RA: One of the most common topics that we deal with is nostalgia which has become a dominant trope, just as is in the title of your composition. How do you deal with the past?
HK: The past in itself is important. The idea is not to just cancel the past. However, the problem is with nostalgic emotions, which is about your relationship to that past. I do have a big problem with the idea of a vague nostalgia for some ambiguous, constructed past. These emotions are usually involved in rewriting the past in order to confirm the dominant values in the present, a dynamic that is constantly used to justify the context in which we are living. So it either justifies the present or it offers an imagined image of the future we aspire to. This is a feature of fascist thinking: the kind of thinking that always brings us back to the tired dichotomy of origins and endings. It is a form of thinking that only offers, whether politically or personally, a closed horizon. It can only imagine human beings caught in a vicious circle between fantastical great origins and a theoretically great telos. This imaginary is unable to conceive of human beings as an open project or as something contradictory. Therefore, from a purely political point of view, it is the kind of logic that is always used to consolidate power in general, regardless of its form or direction — whether political, social or religious. That is why my relationship with nostalgia was always troubled, on the intellectual level, but even on the emotional level. I never really had such strong nostalgic emotions. Perhaps as a teenager, I had a little nostalgia for the 1960s, drugs and hippies, but I don’t think that it was a real nostalgia more a desire for loss.
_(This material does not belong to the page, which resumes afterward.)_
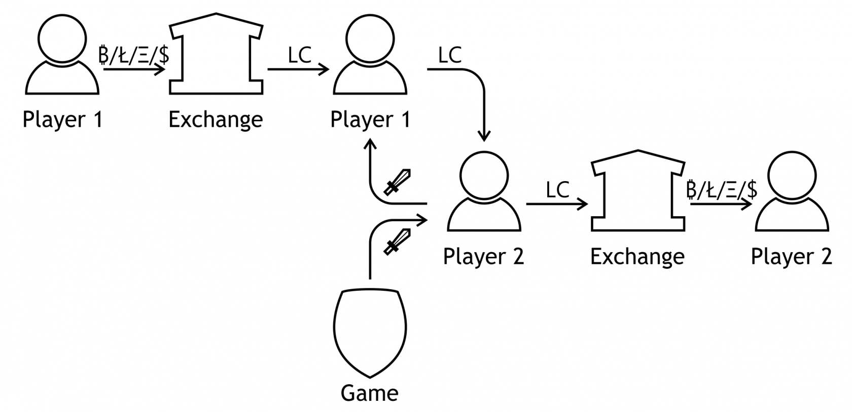 Players can trade with each other in the open gaming market, using LC as a currency. For each operation a commission of 20% is charged, which is spent as follows: - 50% of the commission is burned - the second 50% is accumulated on a special account of the Game Funds.

I feel that the nostalgia that wants us to return to the past conceals the most important thing which is the reality that we are actually experiencing.
RA: Do you think there are possibilities latent in the past that can help create art that addresses the present while looking to the future without the problematics of falling into the nostalgic?
HK: Yes of course, not only in the past, but like in everything, in the past in the future, up, down, wherever. As long as the relationship remains real, one does not fall into nostalgia. I am not into canceling the past. That’s stupid. The problem is in the relationship to things. This is the heart of the matter.